PROBLEM TO WORK ON — In your copy of the data, include no pictures and alter nothing else.

DATASET CONTENT —
......

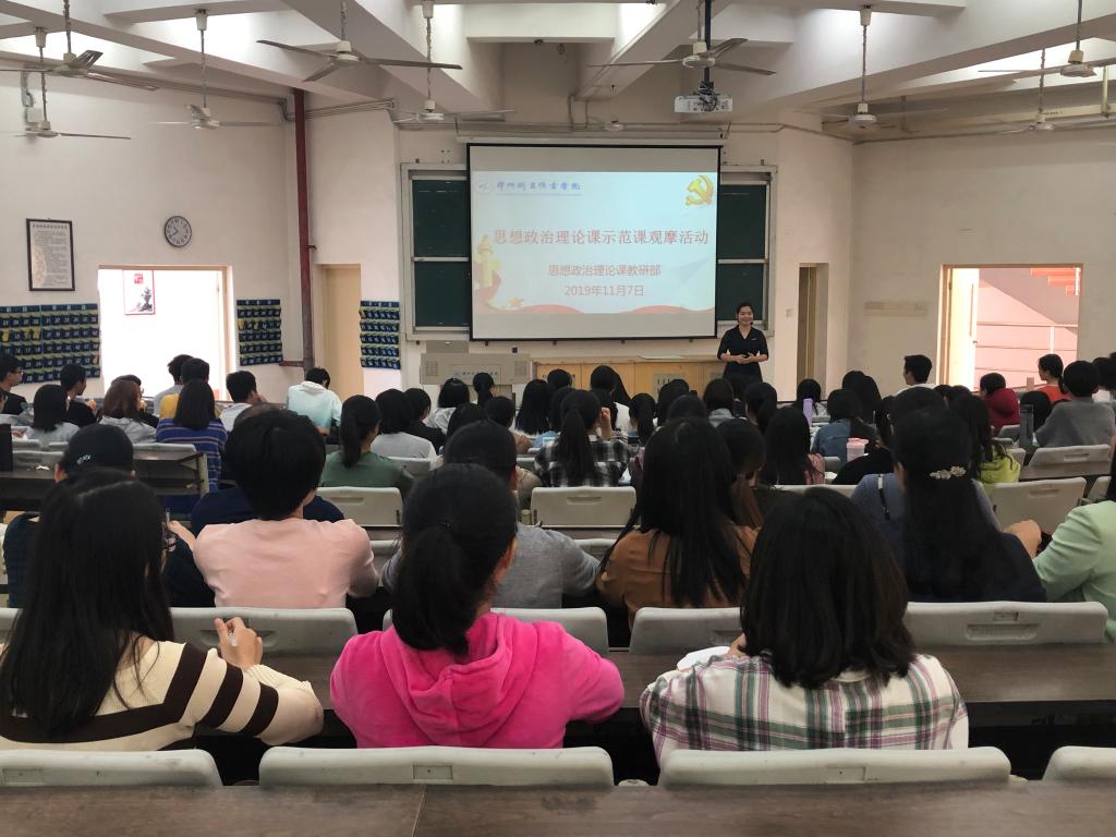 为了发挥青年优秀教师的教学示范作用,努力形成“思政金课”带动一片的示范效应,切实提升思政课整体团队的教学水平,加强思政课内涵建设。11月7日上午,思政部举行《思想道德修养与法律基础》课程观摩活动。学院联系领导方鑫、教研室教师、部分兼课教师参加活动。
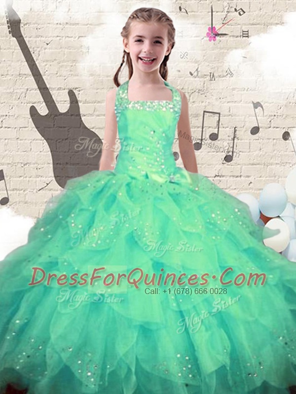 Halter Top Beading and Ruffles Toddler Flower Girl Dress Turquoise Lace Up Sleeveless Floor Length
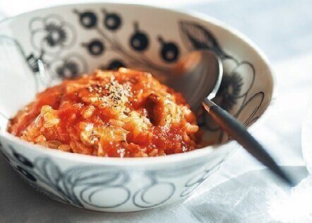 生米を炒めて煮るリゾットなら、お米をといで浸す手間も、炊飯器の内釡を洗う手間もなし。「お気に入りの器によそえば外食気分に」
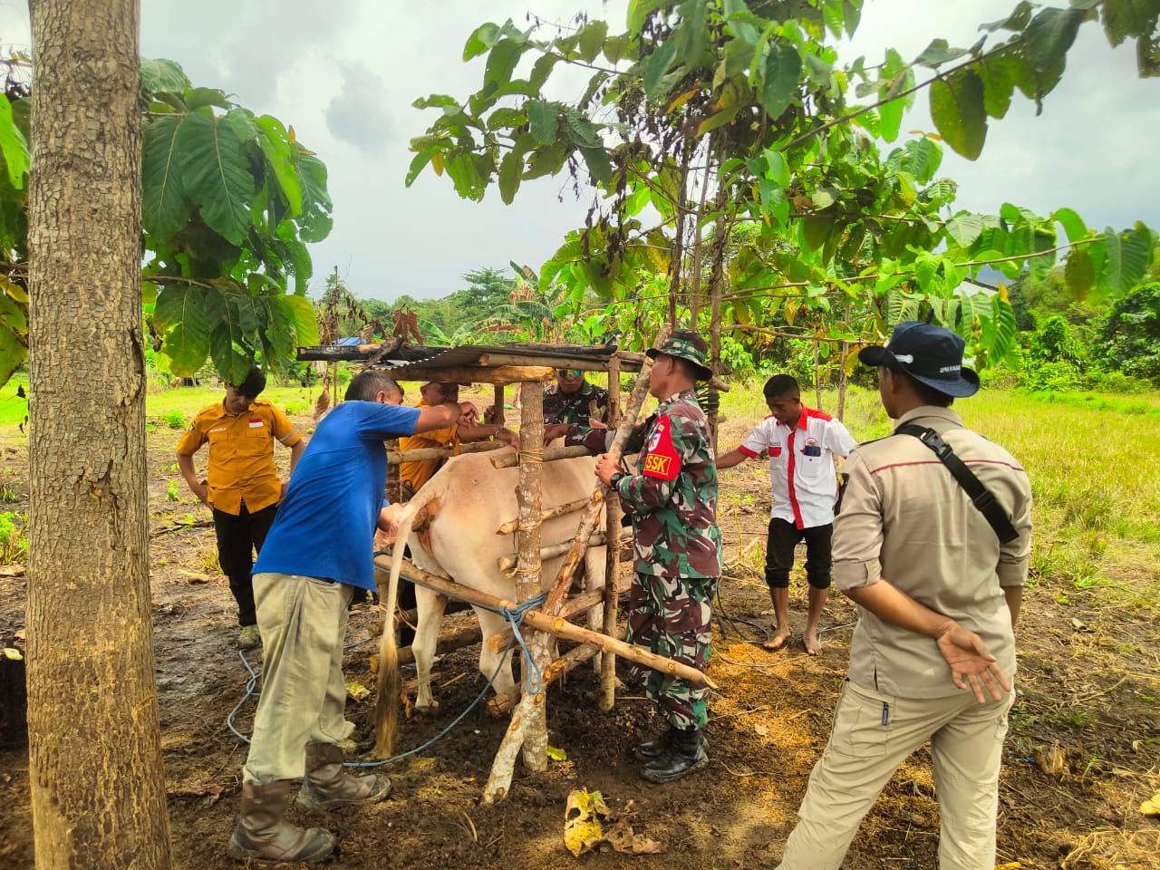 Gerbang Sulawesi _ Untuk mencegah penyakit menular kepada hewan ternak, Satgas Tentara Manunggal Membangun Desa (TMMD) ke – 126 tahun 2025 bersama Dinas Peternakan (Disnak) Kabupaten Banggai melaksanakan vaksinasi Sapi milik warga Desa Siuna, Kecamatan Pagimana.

......

REPLY —
 为了发挥青年优秀教师的教学示范作用,努力形成“思政金课”带动一片的示范效应,切实提升思政课整体团队的教学水平,加强思政课内涵建设。11月7日上午,思政部举行《思想道德修养与法律基础》课程观摩活动。学院联系领导方鑫、教研室教师、部分兼课教师参加活动。
 Halter Top Beading and Ruffles Toddler Flower Girl Dress Turquoise Lace Up Sleeveless Floor Length
 生米を炒めて煮るリゾットなら、お米をといで浸す手間も、炊飯器の内釡を洗う手間もなし。「お気に入りの器によそえば外食気分に」
 Gerbang Sulawesi _ Untuk mencegah penyakit menular kepada hewan ternak, Satgas Tentara Manunggal Membangun Desa (TMMD) ke – 126 tahun 2025 bersama Dinas Peternakan (Disnak) Kabupaten Banggai melaksanakan vaksinasi Sapi milik warga Desa Siuna, Kecamatan Pagimana.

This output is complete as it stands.